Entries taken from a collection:
----
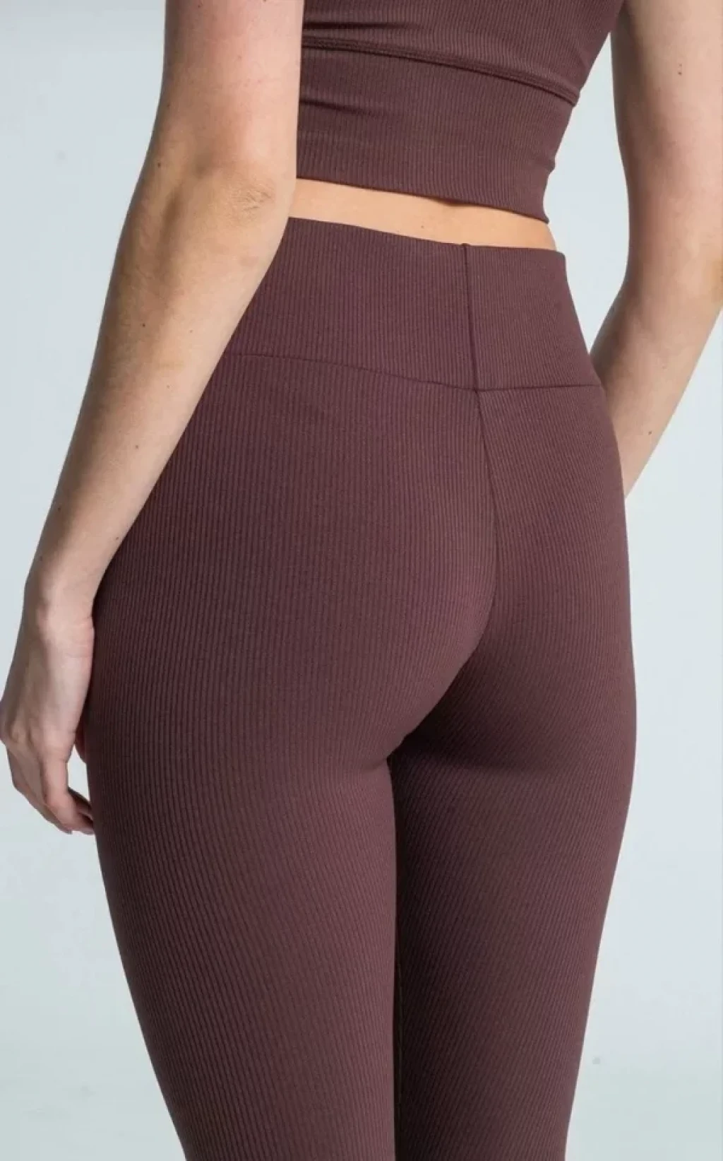 Yüksek Bel Fitilli Tayt - Kahverengi
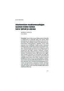 <div>Suomen kielen aseman heikkenemisestä yliopistolla ja yhteiskunnassa on keskusteltu paljon viime aikoina. Joskus jopa oletetaan, ettei akateemisessa maailmassa enää tarvita suomen kieltä. Tässä artikkelissa tuodaan ... -
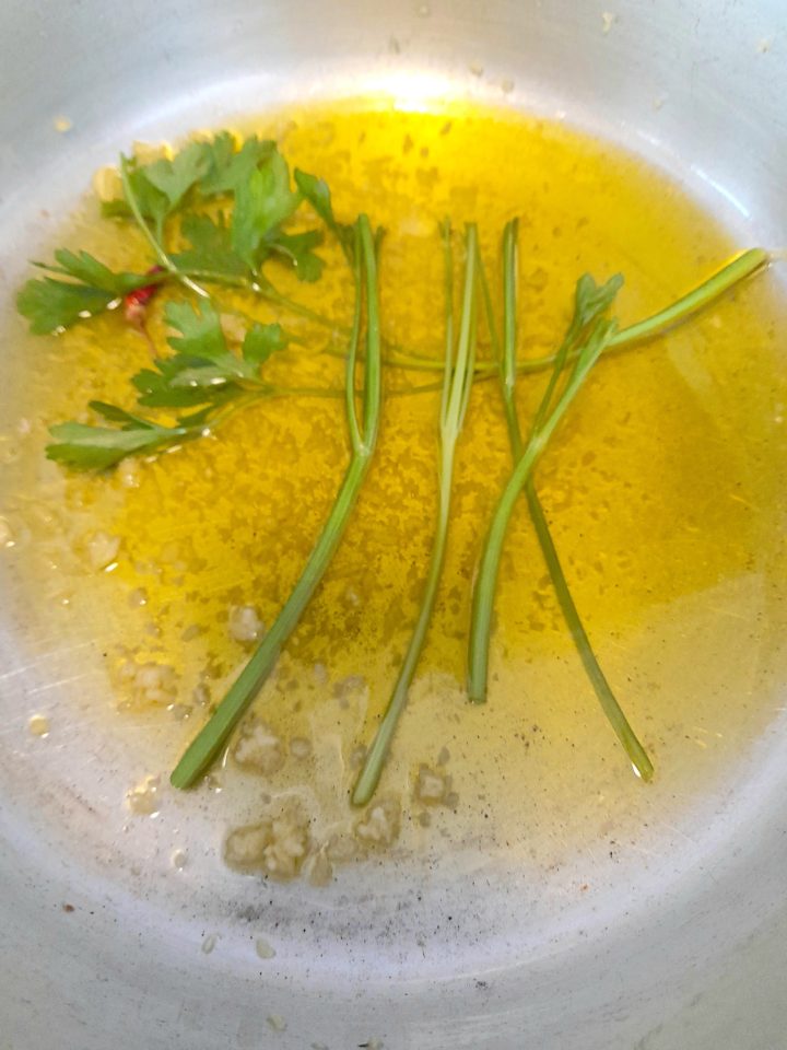 - In a medium pan, put the olive oil, garlic, hot chili pepper, and whole stem of parsley and stir over medium heat, about 45 seconds to one minute, stirring frequently. If you like, you can drop the remaining stems in the pan to add an additional touch of fresh green taste to the olive oil.
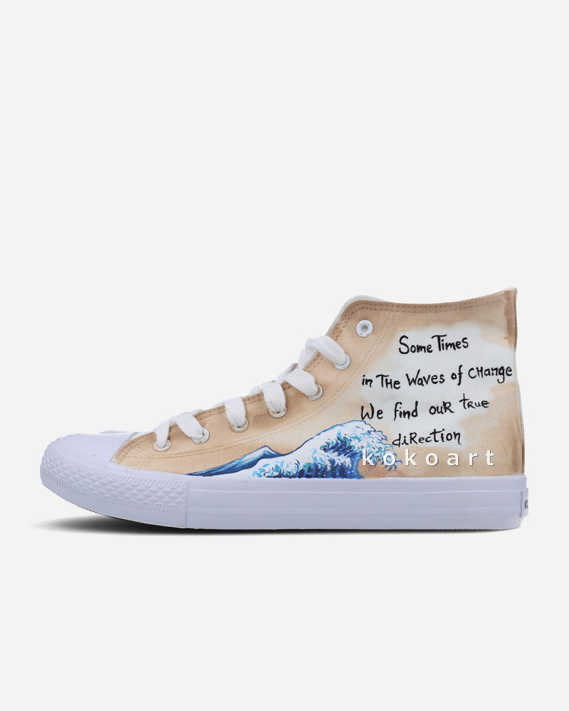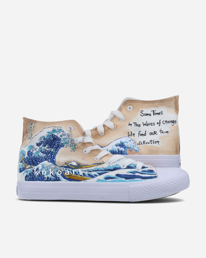 The main design is only painted on the outer side of each shoe. The inner sides are decorated with watercolour/textured shading or they are left blank white. This is left to the artist based on what goes best with the chosen design.
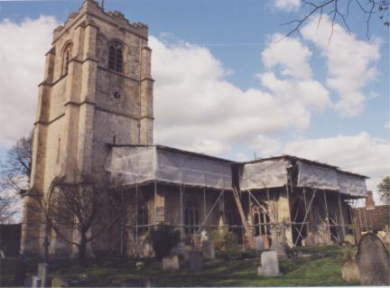 Meldreth is a village that borders the village of Whaddon on the east. The Holy Trinity Church is an ancient structure consisting of a nave, side aisles, chancel, and an embattled tower but was thoroughly repaired in 1841. There are 18th century Meldreth punishment stocks and a whipping post but we couldn�t locate them in 2001 when we visited Meldreth (History, Gazetteer, and Directory of Cambridgeshire, 1851, Page 310).
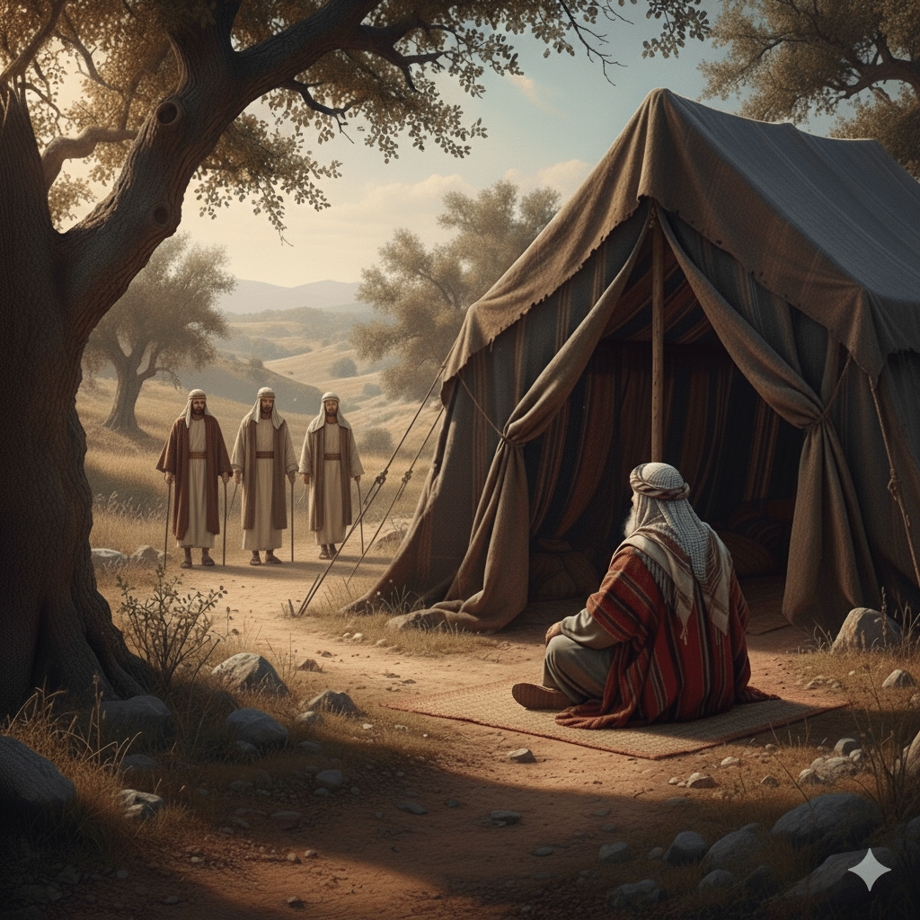 וְהוּא יֹשֵׁב פֶּתַח-הָאֹהֶל, כְּחֹם הַיּוֹם.
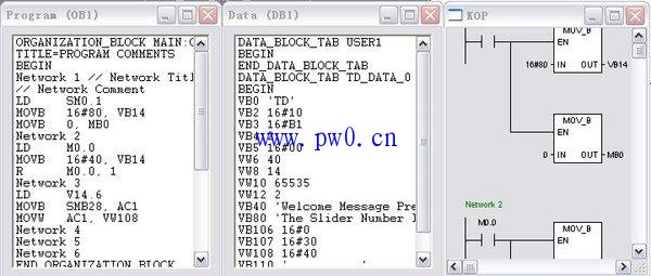 加载成功后,在仿真软件中的AWL、KOP和DB1观察窗口中就可以分别观察到加载的语句表程序、梯形图程序和数据块。
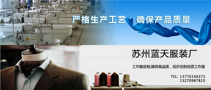 嘉兴蓝天服装厂拥有国内外先进的缝制设备及各类辅助设备; 工作服定制 高品质,低价位的优质工作服、嘉兴工作服,T恤衫定制!
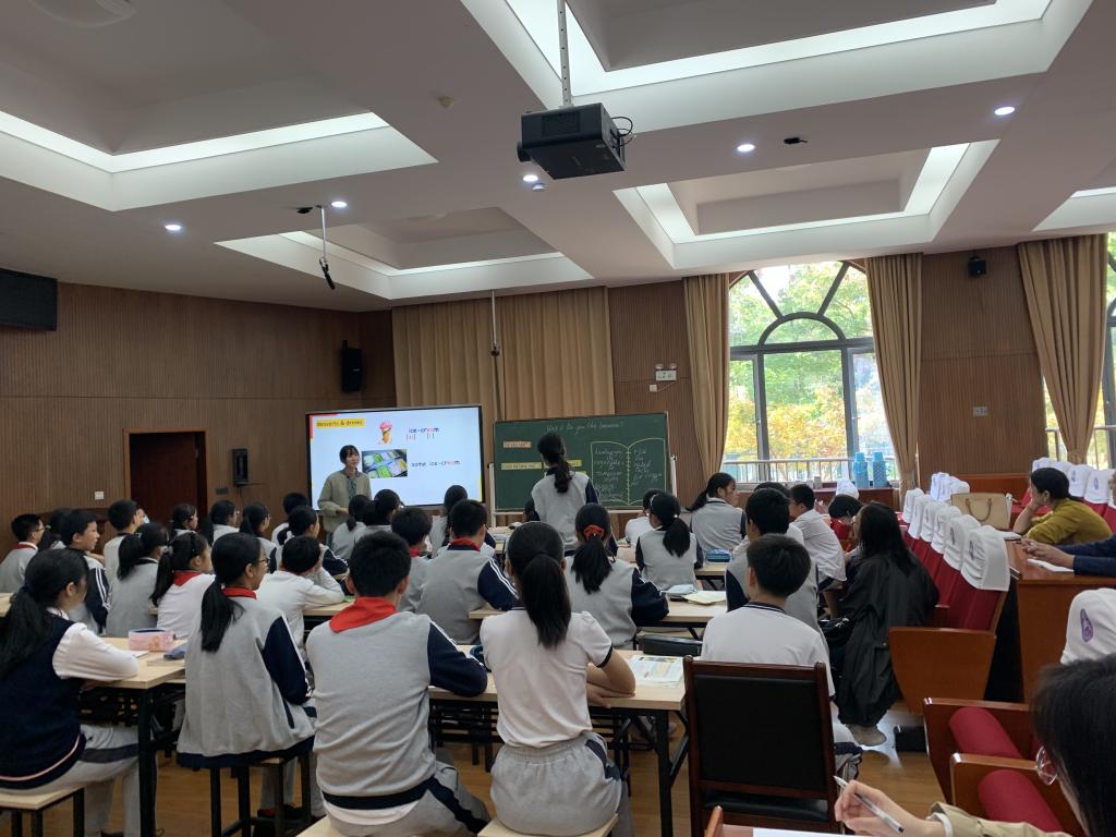 10月28日下午,英语教育系与宁波市海曙外国语学校举行了一场联合教研活动。活动在海外小学部报告厅进行,主题为“英语教学的中小衔接”。海曙外国语学校陈琪莉老师和吴丹妮老师先后执教了一节七年级的英语听说课和一节六年级的英语读写课。两位老师均采用“音-词-句-文”四位一体的教学模式,利用情景与活动,让英语学习与生活实际相结合;同时,两位老师还关注了听力与阅读的微技巧训练。课后,初中部和小学部英语教研组两位组长陆老师和曹老师分别对陈、吴两位老师的课进行了精彩的点评。
----
What to work on: Among the entries above, take the line with "<div>Suomen kielen aseman", the line with "嘉兴蓝天服装厂拥有国内外先进的缝制设备及各类辅助设备; 工作服定制 高品质,低价位的优质工作服、嘉兴工作服,T恤衫定制!", and all the lines between them, and restate them word for word without pictures.

Solution to this exercise:
 <div>Suomen kielen aseman heikkenemisestä yliopistolla ja yhteiskunnassa on keskusteltu paljon viime aikoina. Joskus jopa oletetaan, ettei akateemisessa maailmassa enää tarvita suomen kieltä. Tässä artikkelissa tuodaan ... -
 - In a medium pan, put the olive oil, garlic, hot chili pepper, and whole stem of parsley and stir over medium heat, about 45 seconds to one minute, stirring frequently. If you like, you can drop the remaining stems in the pan to add an additional touch of fresh green taste to the olive oil.
 The main design is only painted on the outer side of each shoe. The inner sides are decorated with watercolour/textured shading or they are left blank white. This is left to the artist based on what goes best with the chosen design.
 Meldreth is a village that borders the village of Whaddon on the east. The Holy Trinity Church is an ancient structure consisting of a nave, side aisles, chancel, and an embattled tower but was thoroughly repaired in 1841. There are 18th century Meldreth punishment stocks and a whipping post but we couldn�t locate them in 2001 when we visited Meldreth (History, Gazetteer, and Directory of Cambridgeshire, 1851, Page 310).
 וְהוּא יֹשֵׁב פֶּתַח-הָאֹהֶל, כְּחֹם הַיּוֹם.
 加载成功后,在仿真软件中的AWL、KOP和DB1观察窗口中就可以分别观察到加载的语句表程序、梯形图程序和数据块。
 嘉兴蓝天服装厂拥有国内外先进的缝制设备及各类辅助设备; 工作服定制 高品质,低价位的优质工作服、嘉兴工作服,T恤衫定制!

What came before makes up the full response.